Aim of the exercise ▸ Copy only what lies from the line containing "More about our" through the line containing "- Teáskanna, 4" in the entries below, keeping both end lines exact and dropping every picture.

The records ▸
####

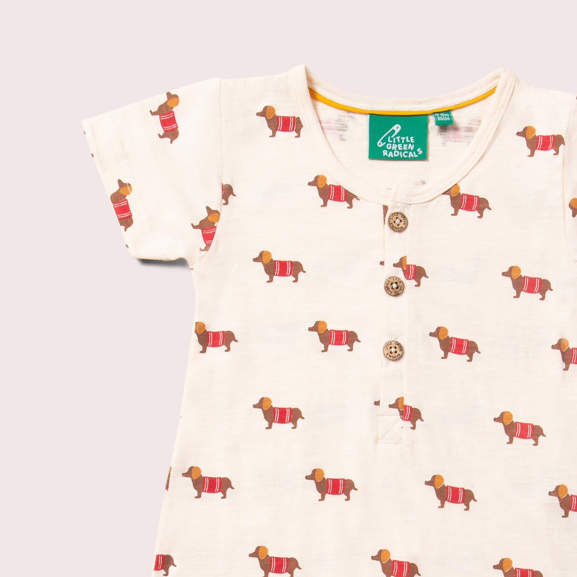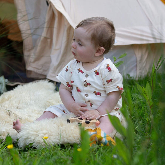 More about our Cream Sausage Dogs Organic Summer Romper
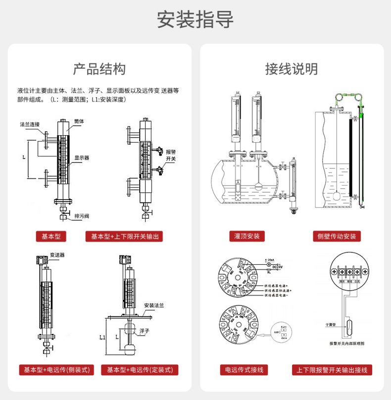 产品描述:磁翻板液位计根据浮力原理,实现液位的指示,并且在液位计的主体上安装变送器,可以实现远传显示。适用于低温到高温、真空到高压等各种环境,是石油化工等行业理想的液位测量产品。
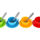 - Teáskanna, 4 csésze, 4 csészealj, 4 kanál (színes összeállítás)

####

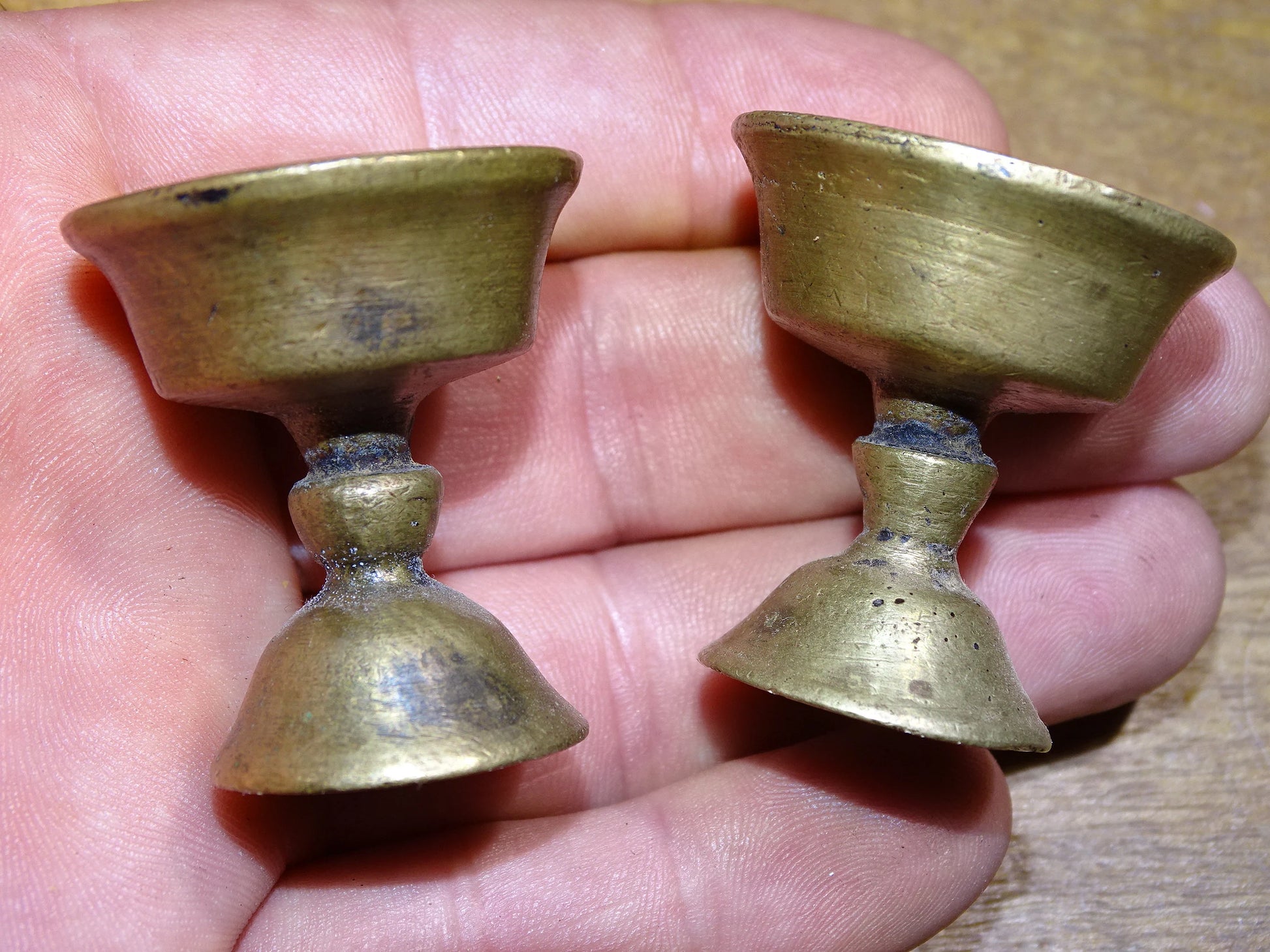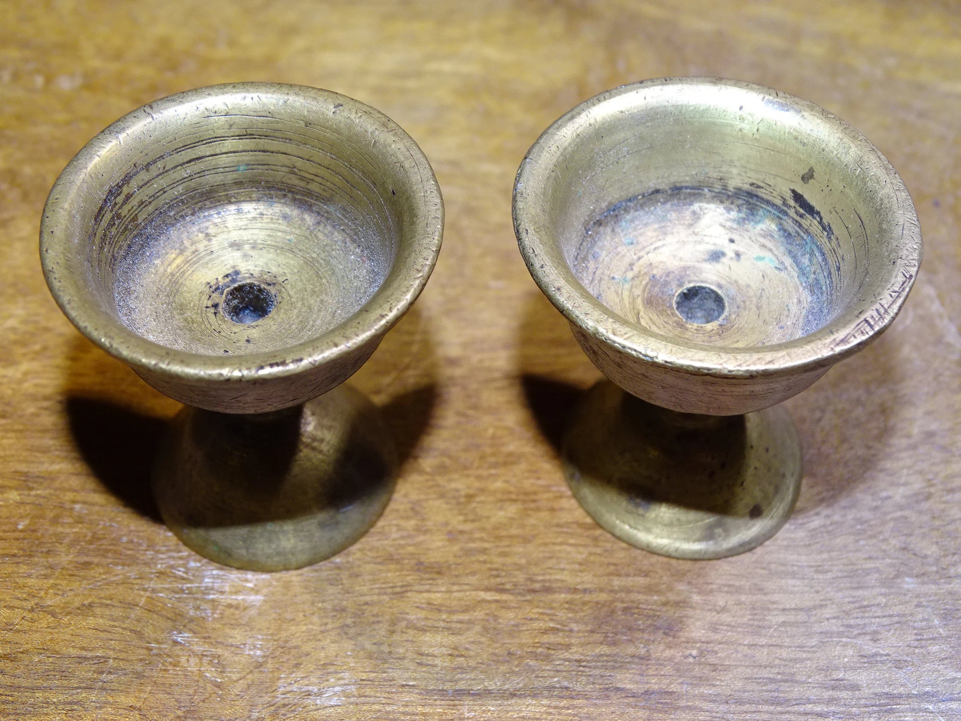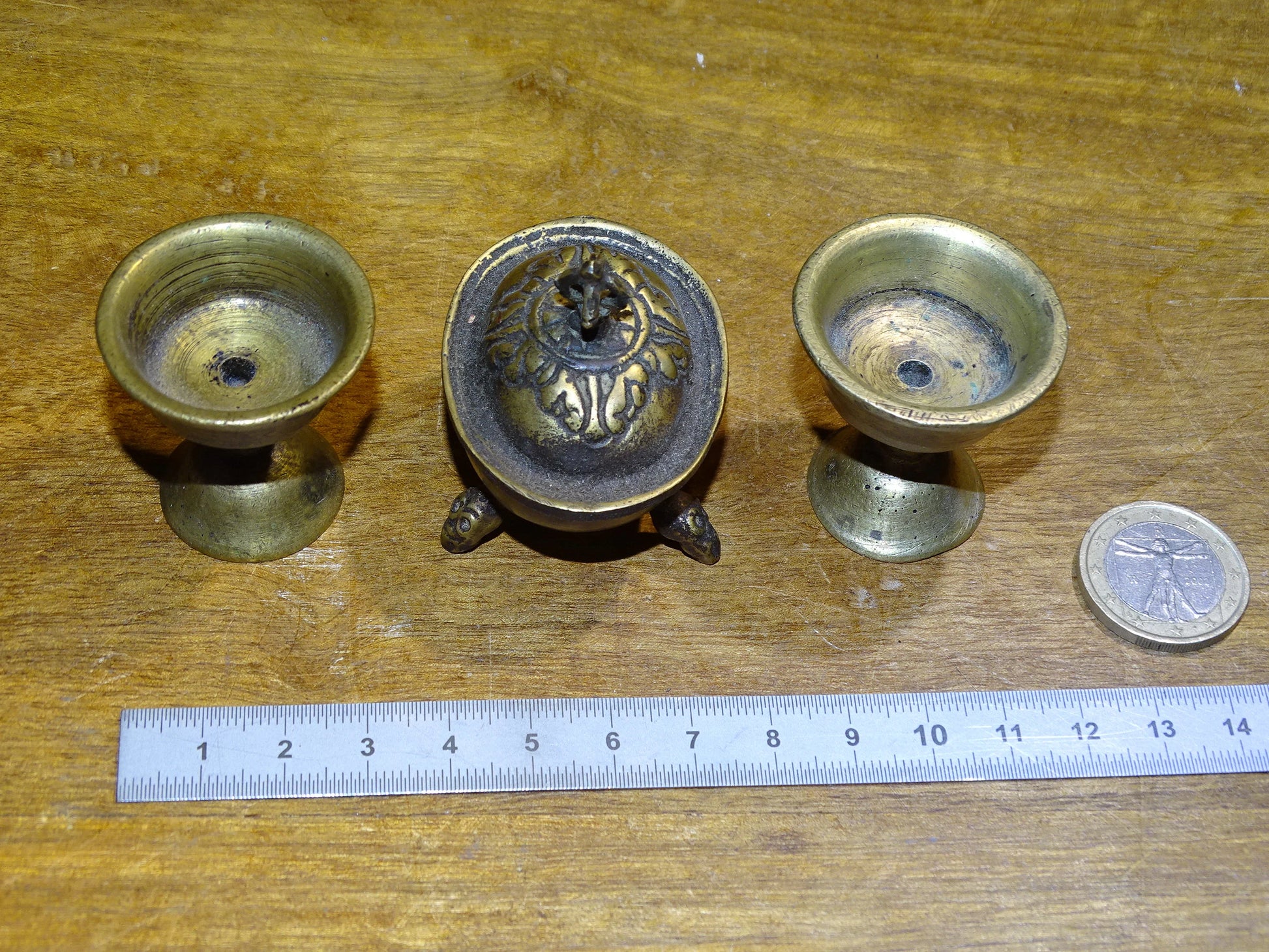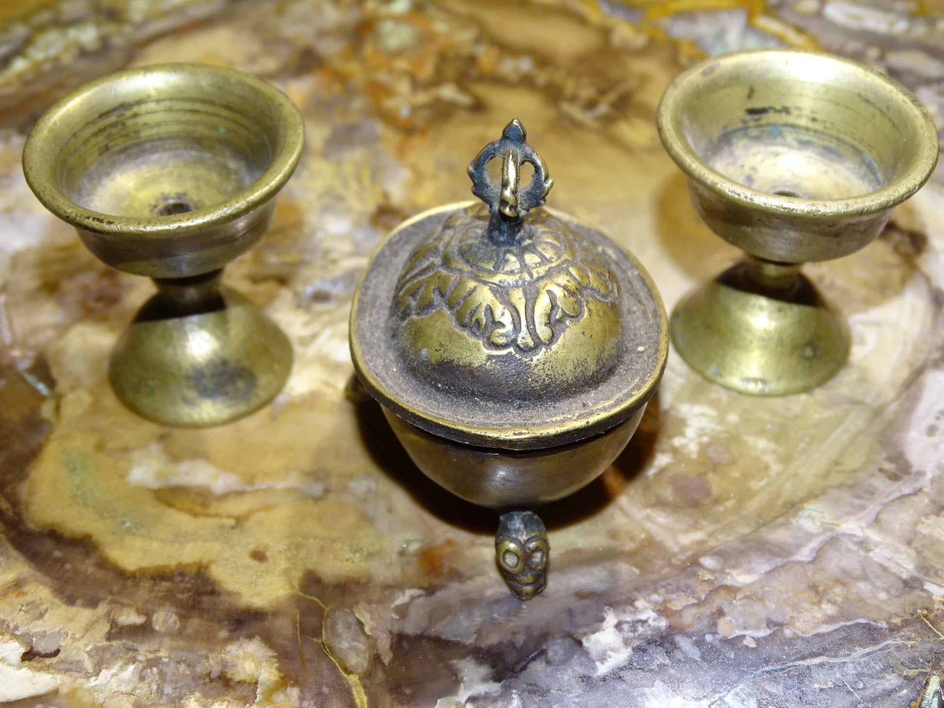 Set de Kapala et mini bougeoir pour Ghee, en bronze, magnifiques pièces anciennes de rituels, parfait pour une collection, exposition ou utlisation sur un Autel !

####

Response ▸
 More about our Cream Sausage Dogs Organic Summer Romper
 产品描述:磁翻板液位计根据浮力原理,实现液位的指示,并且在液位计的主体上安装变送器,可以实现远传显示。适用于低温到高温、真空到高压等各种环境,是石油化工等行业理想的液位测量产品。
 - Teáskanna, 4 csésze, 4 csészealj, 4 kanál (színes összeállítás)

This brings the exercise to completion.